The Damour River basin is currently facing increasing water stress, manifested through the decrease in the total amount of surface and groundwater of adequate quality available to meet the needs of local domestic, agricultural and industrial users. The problem is particularly acute in the irrigated coastal plains of Damour, where farmers complain about the lack of water during the summer season, because the river water is abstracted upstream and there is no rational allocation of water. Groundwater resources are also under stress due to important abstractions particularly for inter-basin transfer to the Beirut area. In addition, the Damour municipality has repeatedly expressed its concern about the increased salinity of groundwater.
A tentative analysis of the causes and effects of this problem is presented in the Figure below.
The focal problem is caused by several factors including uncontrolled discharges of industrial and domestic wastewater in surface water, uncontrolled surface water allocation, and seawater intrusion in groundwater. These are in turn attributed to limited law enforcement, inadequate regulatory instruments, limited capacities of authorities (particularly for law enforcement), limited financial resources, absence of a clear planning framework, absence of a participation and coordination platform, and limited monitoring activities.
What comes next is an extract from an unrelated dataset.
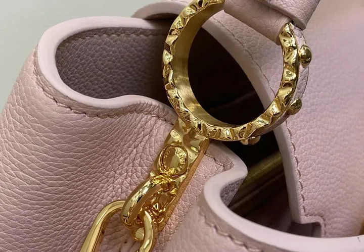 This 1:1 Mirror Replica Capucines East-West Mini Capucines is meticulously crafted to closely match the original Louis Vuitton M24666. Every detail, from the stitching to the logo placement, is carefully replicated. The proportions, silhouette, and design elements mirror the authentic piece, making it difficult to distinguish from the genuine article at a glance.
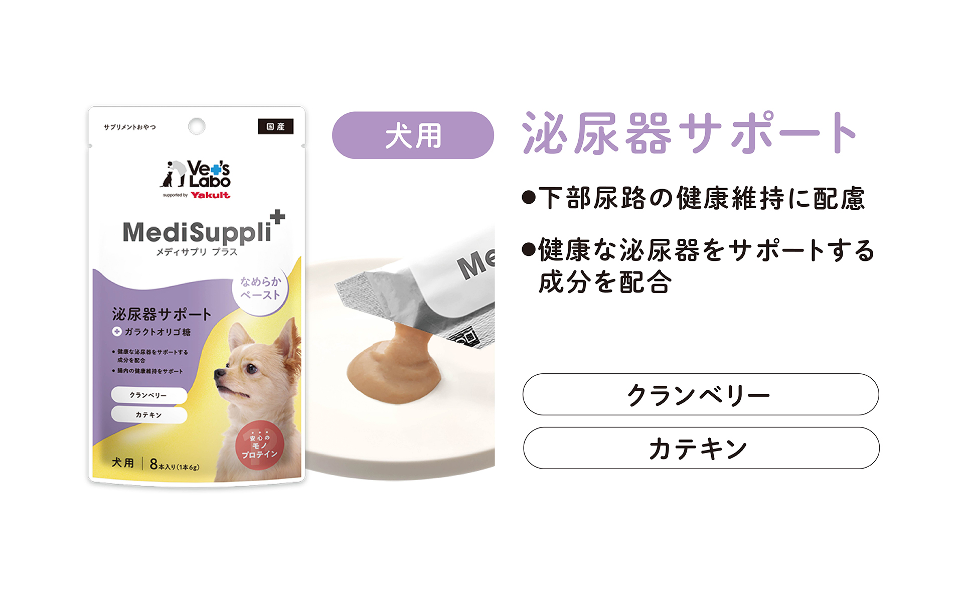 泌尿器の健康維持を支えるクランベリー、メチオニン、カテキン(緑茶エキス)を配合。季節の変わり目などで“おしっこ周り”が気になりやすい子の日常ケアに取り入れやすいタイプです。おすすめはお散歩後。

Inter-basin transfer of groundwater resources is leading to deterioration of groundwater quality in the coastal area. These issues are further caused by lack of relevant awareness and technical capacity, by social and political pressure from user groups, and lack of integrated management of the water resources of the area.
It is expected that the focal problem could further lead to an increased number of conflicts among water users, and to increased social costs incurred from health problems associated with the use of polluted water.